↓
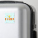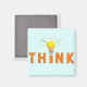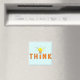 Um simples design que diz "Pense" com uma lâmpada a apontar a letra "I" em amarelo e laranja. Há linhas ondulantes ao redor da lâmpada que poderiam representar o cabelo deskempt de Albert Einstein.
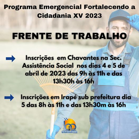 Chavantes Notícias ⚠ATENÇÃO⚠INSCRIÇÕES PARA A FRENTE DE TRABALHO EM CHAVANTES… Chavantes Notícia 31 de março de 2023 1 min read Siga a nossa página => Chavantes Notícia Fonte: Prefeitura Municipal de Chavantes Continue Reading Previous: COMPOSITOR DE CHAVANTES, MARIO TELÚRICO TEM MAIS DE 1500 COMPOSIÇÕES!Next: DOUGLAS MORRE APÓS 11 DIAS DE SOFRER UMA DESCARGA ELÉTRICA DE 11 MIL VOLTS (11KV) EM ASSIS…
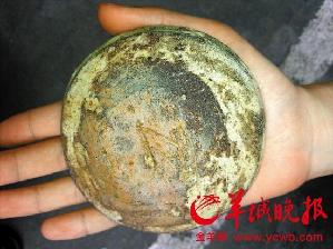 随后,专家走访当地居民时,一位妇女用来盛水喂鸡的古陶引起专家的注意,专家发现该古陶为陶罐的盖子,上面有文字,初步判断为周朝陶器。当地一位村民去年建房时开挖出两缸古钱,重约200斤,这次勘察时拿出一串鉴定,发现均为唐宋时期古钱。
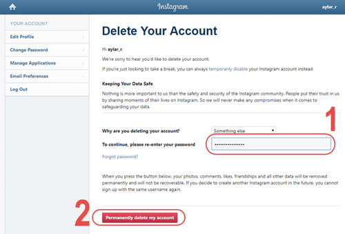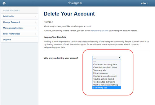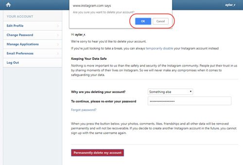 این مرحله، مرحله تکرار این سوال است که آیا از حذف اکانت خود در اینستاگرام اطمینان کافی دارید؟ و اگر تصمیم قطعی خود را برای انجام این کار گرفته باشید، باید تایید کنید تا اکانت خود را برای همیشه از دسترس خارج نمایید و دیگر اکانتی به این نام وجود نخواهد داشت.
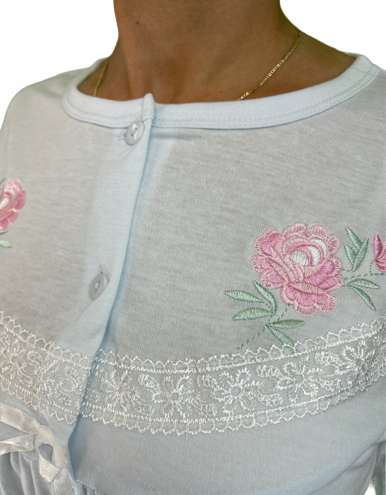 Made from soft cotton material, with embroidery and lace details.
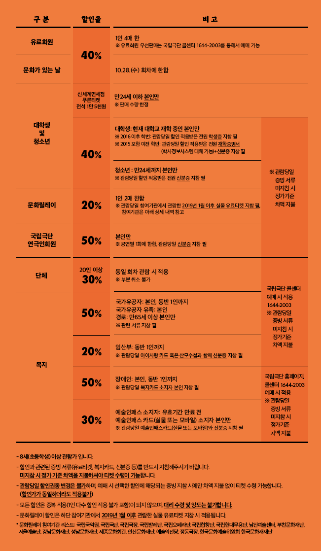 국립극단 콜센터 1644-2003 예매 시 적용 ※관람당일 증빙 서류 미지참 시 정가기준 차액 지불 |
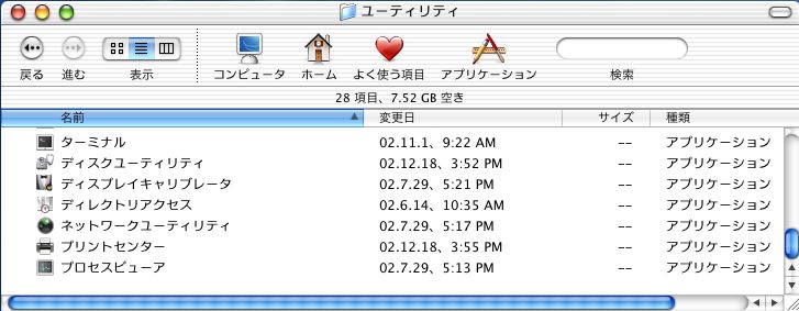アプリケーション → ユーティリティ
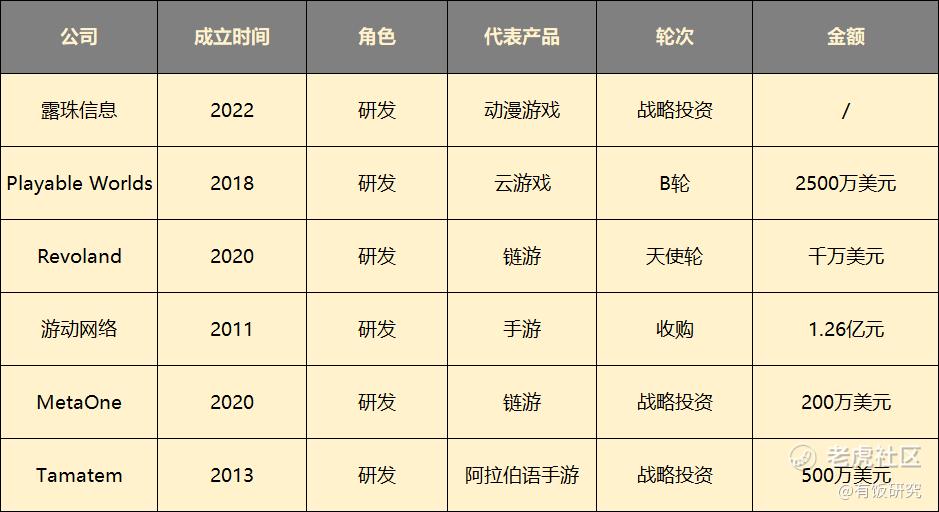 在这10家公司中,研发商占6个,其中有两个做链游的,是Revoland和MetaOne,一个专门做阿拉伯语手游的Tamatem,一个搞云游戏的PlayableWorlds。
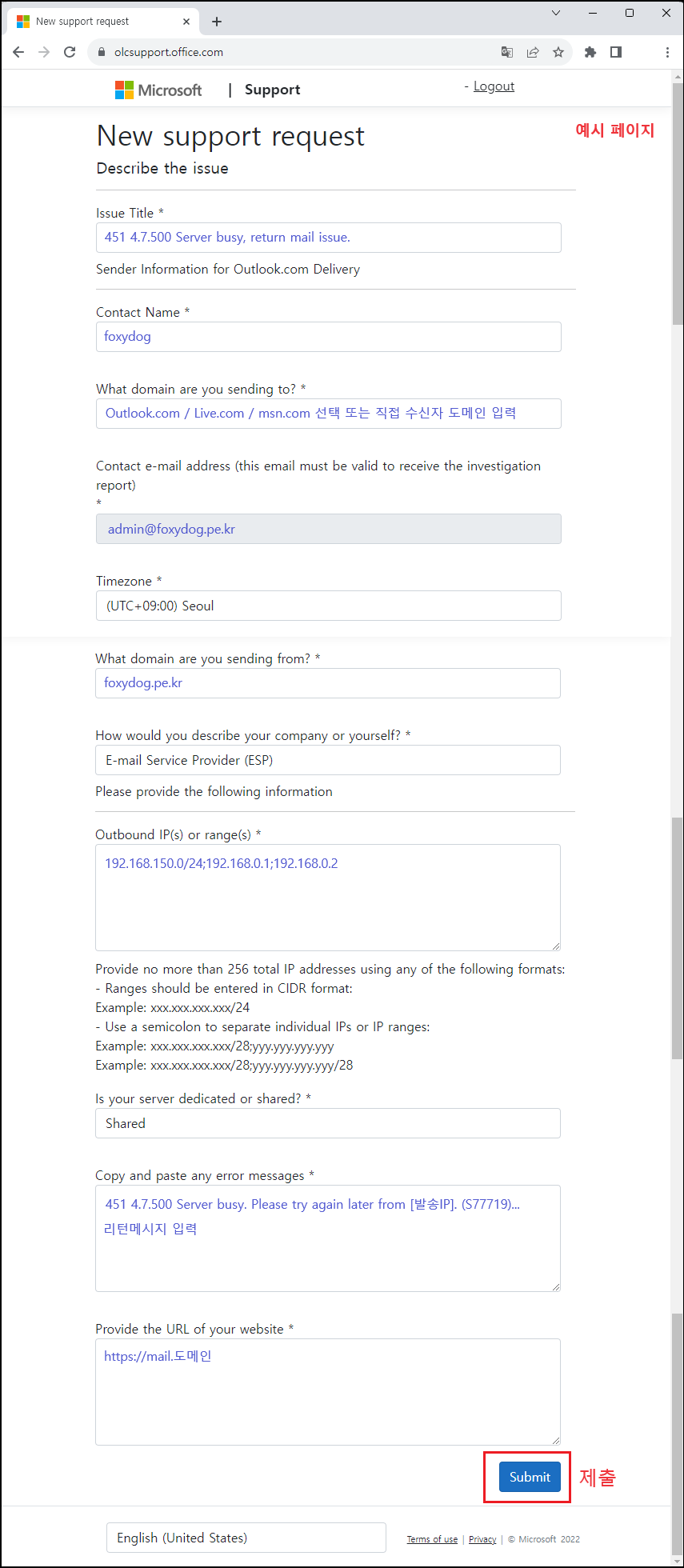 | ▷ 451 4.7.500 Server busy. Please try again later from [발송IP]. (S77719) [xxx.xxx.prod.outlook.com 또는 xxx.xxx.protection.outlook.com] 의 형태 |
↑
* [WHAT YOU WILL DO] If an entry holds an image, omit that image and print the remainder exactly as it stands.

* [OUTPUT FOR THIS TASK]
 Um simples design que diz "Pense" com uma lâmpada a apontar a letra "I" em amarelo e laranja. Há linhas ondulantes ao redor da lâmpada que poderiam representar o cabelo deskempt de Albert Einstein.
 Chavantes Notícias ⚠ATENÇÃO⚠INSCRIÇÕES PARA A FRENTE DE TRABALHO EM CHAVANTES… Chavantes Notícia 31 de março de 2023 1 min read Siga a nossa página => Chavantes Notícia Fonte: Prefeitura Municipal de Chavantes Continue Reading Previous: COMPOSITOR DE CHAVANTES, MARIO TELÚRICO TEM MAIS DE 1500 COMPOSIÇÕES!Next: DOUGLAS MORRE APÓS 11 DIAS DE SOFRER UMA DESCARGA ELÉTRICA DE 11 MIL VOLTS (11KV) EM ASSIS…
 随后,专家走访当地居民时,一位妇女用来盛水喂鸡的古陶引起专家的注意,专家发现该古陶为陶罐的盖子,上面有文字,初步判断为周朝陶器。当地一位村民去年建房时开挖出两缸古钱,重约200斤,这次勘察时拿出一串鉴定,发现均为唐宋时期古钱。
 این مرحله، مرحله تکرار این سوال است که آیا از حذف اکانت خود در اینستاگرام اطمینان کافی دارید؟ و اگر تصمیم قطعی خود را برای انجام این کار گرفته باشید، باید تایید کنید تا اکانت خود را برای همیشه از دسترس خارج نمایید و دیگر اکانتی به این نام وجود نخواهد داشت.
 Made from soft cotton material, with embroidery and lace details.
 국립극단 콜센터 1644-2003 예매 시 적용 ※관람당일 증빙 서류 미지참 시 정가기준 차액 지불 |
アプリケーション → ユーティリティ
 在这10家公司中,研发商占6个,其中有两个做链游的,是Revoland和MetaOne,一个专门做阿拉伯语手游的Tamatem,一个搞云游戏的PlayableWorlds。
 | ▷ 451 4.7.500 Server busy. Please try again later from [발송IP]. (S77719) [xxx.xxx.prod.outlook.com 또는 xxx.xxx.protection.outlook.com] 의 형태 |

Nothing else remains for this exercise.